### Activity
The listing below holds a line with "游人在闽侯县荆溪镇桃田村百合花田游玩(资料图)。新华社发(谢贵明 摄)" and a later line with "The rare beef". Write out those two lines and every line between them, exactly, and nothing else.

### Information provided
=== Begin Enclosure ===

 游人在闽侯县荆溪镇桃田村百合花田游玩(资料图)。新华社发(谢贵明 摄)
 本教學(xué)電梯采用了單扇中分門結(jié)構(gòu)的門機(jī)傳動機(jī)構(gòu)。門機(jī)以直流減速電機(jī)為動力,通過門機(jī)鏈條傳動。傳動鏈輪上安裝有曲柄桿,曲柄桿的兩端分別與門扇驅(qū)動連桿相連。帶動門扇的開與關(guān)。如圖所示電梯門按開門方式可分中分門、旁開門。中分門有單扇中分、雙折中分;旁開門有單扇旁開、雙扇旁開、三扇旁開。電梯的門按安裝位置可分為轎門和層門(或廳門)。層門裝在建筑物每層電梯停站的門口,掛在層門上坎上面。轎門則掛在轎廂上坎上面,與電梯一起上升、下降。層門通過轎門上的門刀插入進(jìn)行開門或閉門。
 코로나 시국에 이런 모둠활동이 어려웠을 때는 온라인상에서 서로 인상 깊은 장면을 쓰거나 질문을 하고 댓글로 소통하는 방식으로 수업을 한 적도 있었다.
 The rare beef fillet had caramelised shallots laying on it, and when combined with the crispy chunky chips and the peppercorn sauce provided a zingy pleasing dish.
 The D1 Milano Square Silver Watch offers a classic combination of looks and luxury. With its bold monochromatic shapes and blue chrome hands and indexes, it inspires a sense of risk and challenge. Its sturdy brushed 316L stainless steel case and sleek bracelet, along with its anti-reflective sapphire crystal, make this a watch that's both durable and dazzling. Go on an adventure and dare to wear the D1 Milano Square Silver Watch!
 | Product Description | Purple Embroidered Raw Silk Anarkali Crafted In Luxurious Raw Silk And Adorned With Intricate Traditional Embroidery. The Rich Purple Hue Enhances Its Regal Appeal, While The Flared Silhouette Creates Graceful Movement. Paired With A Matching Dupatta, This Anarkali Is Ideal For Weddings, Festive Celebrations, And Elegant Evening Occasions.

=== End Enclosure ===
=== Begin Enclosure ===

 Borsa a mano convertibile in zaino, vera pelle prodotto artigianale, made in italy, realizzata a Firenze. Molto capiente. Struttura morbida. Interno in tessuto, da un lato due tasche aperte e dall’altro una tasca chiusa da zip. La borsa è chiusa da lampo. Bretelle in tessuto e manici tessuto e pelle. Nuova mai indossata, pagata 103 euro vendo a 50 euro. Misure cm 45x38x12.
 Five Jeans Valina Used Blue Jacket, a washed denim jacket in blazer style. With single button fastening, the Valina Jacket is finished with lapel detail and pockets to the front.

=== End Enclosure ===

### Response to the task
 游人在闽侯县荆溪镇桃田村百合花田游玩(资料图)。新华社发(谢贵明 摄)
 本教學(xué)電梯采用了單扇中分門結(jié)構(gòu)的門機(jī)傳動機(jī)構(gòu)。門機(jī)以直流減速電機(jī)為動力,通過門機(jī)鏈條傳動。傳動鏈輪上安裝有曲柄桿,曲柄桿的兩端分別與門扇驅(qū)動連桿相連。帶動門扇的開與關(guān)。如圖所示電梯門按開門方式可分中分門、旁開門。中分門有單扇中分、雙折中分;旁開門有單扇旁開、雙扇旁開、三扇旁開。電梯的門按安裝位置可分為轎門和層門(或廳門)。層門裝在建筑物每層電梯停站的門口,掛在層門上坎上面。轎門則掛在轎廂上坎上面,與電梯一起上升、下降。層門通過轎門上的門刀插入進(jìn)行開門或閉門。
 코로나 시국에 이런 모둠활동이 어려웠을 때는 온라인상에서 서로 인상 깊은 장면을 쓰거나 질문을 하고 댓글로 소통하는 방식으로 수업을 한 적도 있었다.
 The rare beef fillet had caramelised shallots laying on it, and when combined with the crispy chunky chips and the peppercorn sauce provided a zingy pleasing dish.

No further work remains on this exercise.